[Openstack-operators] Small openstack

Kris G. Lindgren klindgren at godaddy.com
Mon Dec 22 22:26:55 UTC 2014


This is pretty much how we are using neutron.

We have multiple shared provider networks  that have "real" ip's, backed by real vlans,  using a real network device as the gateway.  The are only two drawbacks to this approach (that I have found).  The first is that floating ip's wont work (unless the gateway device happens to do a firewall and you are doing natting there, we aren't).  We are currently in the process of changing floating ip's to do routed ip address (which means the routed ip also need to be bound to a non-arping interface in the vm).  The second depends on your network design and the fact that neutron defines a network at layer2 and assumes that that network is available on any compute node.

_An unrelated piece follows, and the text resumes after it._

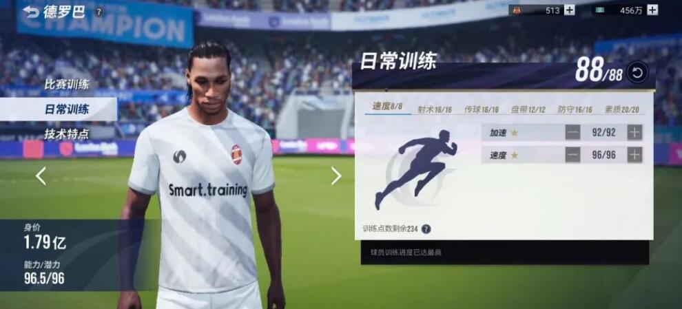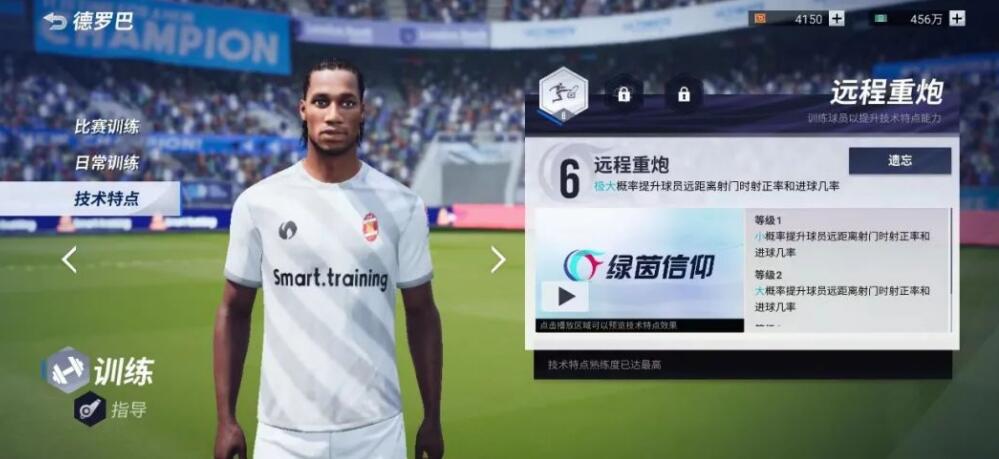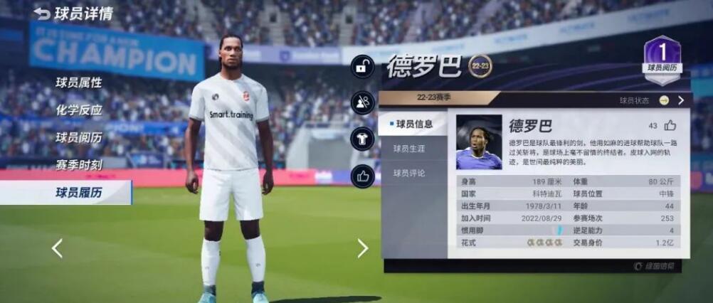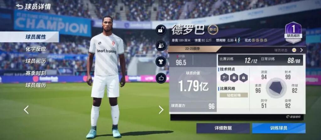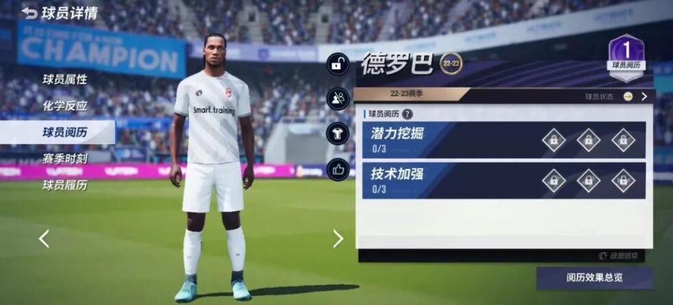 从阵容或者球员管理界面,均可进入球员详情界面查看球员相关信息,通过训练球员进行球员培养(本文采用图片素材为3日前共研服球员信息,提前为没有参与共研服测试玩家展示封面任务德罗巴)。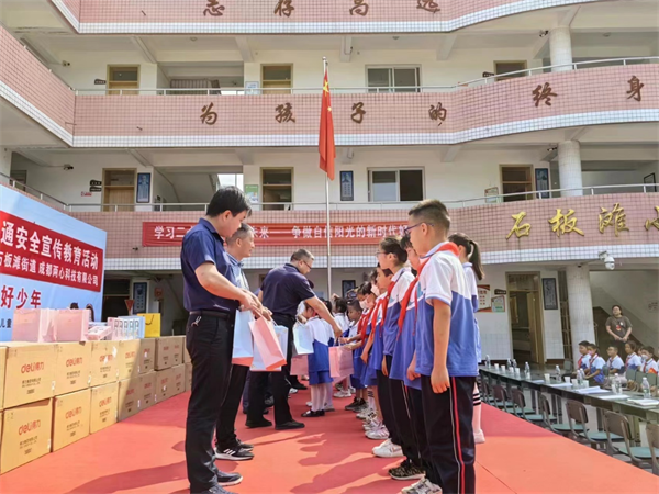 活动上,成都市新都区交通运输局、石板滩街道办事处、石板滩街道解放村两委、成都市新都区石板滩小学(四分校)、美团单车相关负责人等参与方,为学校近千名学生发放了爱心文具和相关物资。

Since our networking is a folded clos design - layer3 is terminated at the access switches so layer2 only exists on an access pair.  We have modified both neutron and nova to support the ability of metadata placed on compute nodes (actually I think its a host aggregate) to target which network a vm will live on (along with adding a network scheduler to both neutron and nova).  This was needed because neutron, as I mentioned earlier, defines a network as  layer2 segment *and* assumes that layer2 segment is available anywhere in the cloud.  Under our implementation that is not true, a particular layer2 segment is only available to servers directly attached to that access switch.  So without these changes you have the possibility of boot of a vm on a compute node, on a network that the compute node is not attached to and can never be attached to it without the node being moved.  The scheduler additions that we did also make it possible for you to boot a vm without specifying a network and it will "just work".

Either way, from experience the solution that you have chosen, with a simpler more traditional network design, can/will scale out well beyond the 3-5 compute nodes you are talking about, without any changes to neutron/nova.
____________________________________________

Kris Lindgren
Senior Linux Systems Engineer
GoDaddy, LLC.


From: matt <matt at nycresistor.com<mailto:matt at nycresistor.com>>
Date: Monday, December 22, 2014 at 2:46 PM
To: George Shuklin <george.shuklin at gmail.com<mailto:george.shuklin at gmail.com>>
Cc: "openstack-operators at lists.openstack.org<mailto:openstack-operators at lists.openstack.org>" <openstack-operators at lists.openstack.org<mailto:openstack-operators at lists.openstack.org>>
Subject: Re: [Openstack-operators] Small openstack

Sounds like a solid way to approach it george.  I hope you can document and share your methods and experiences.

Sounds like this would be helpful to folks setting up small test environments.

On Mon, Dec 22, 2014 at 4:35 PM, George Shuklin <george.shuklin at gmail.com<mailto:george.shuklin at gmail.com>> wrote:
Thank you for everyone!

After some lurking around I found rather unusual way: use external networks on per-tennant based with directly attached interfaces. This will not only eliminate neutron nodes (as heavy server), but will remove NAT and simplify everything for tenant. All we need just a some VLAN/VXLANs with few external networks (per tenant).

Tenants will have no 'routers' and 'floatingips', but still will have DHCP and other yummy neutron things like private networks with overlapping numbering plans.

Future reports follow.


On 12/21/2014 12:16 AM, George Shuklin wrote:
Hello.

I've suddenly got request for small installation of openstack (about 3-5 computes).

They need almost nothing (just a management panel to span simple instances, few friendly tennants), and I curious, is nova-network good solution for this? They don't want network node and do 'network node on compute' is kinda sad.

(And one more: did anyone tried to put management stuff on compute node in mild production?)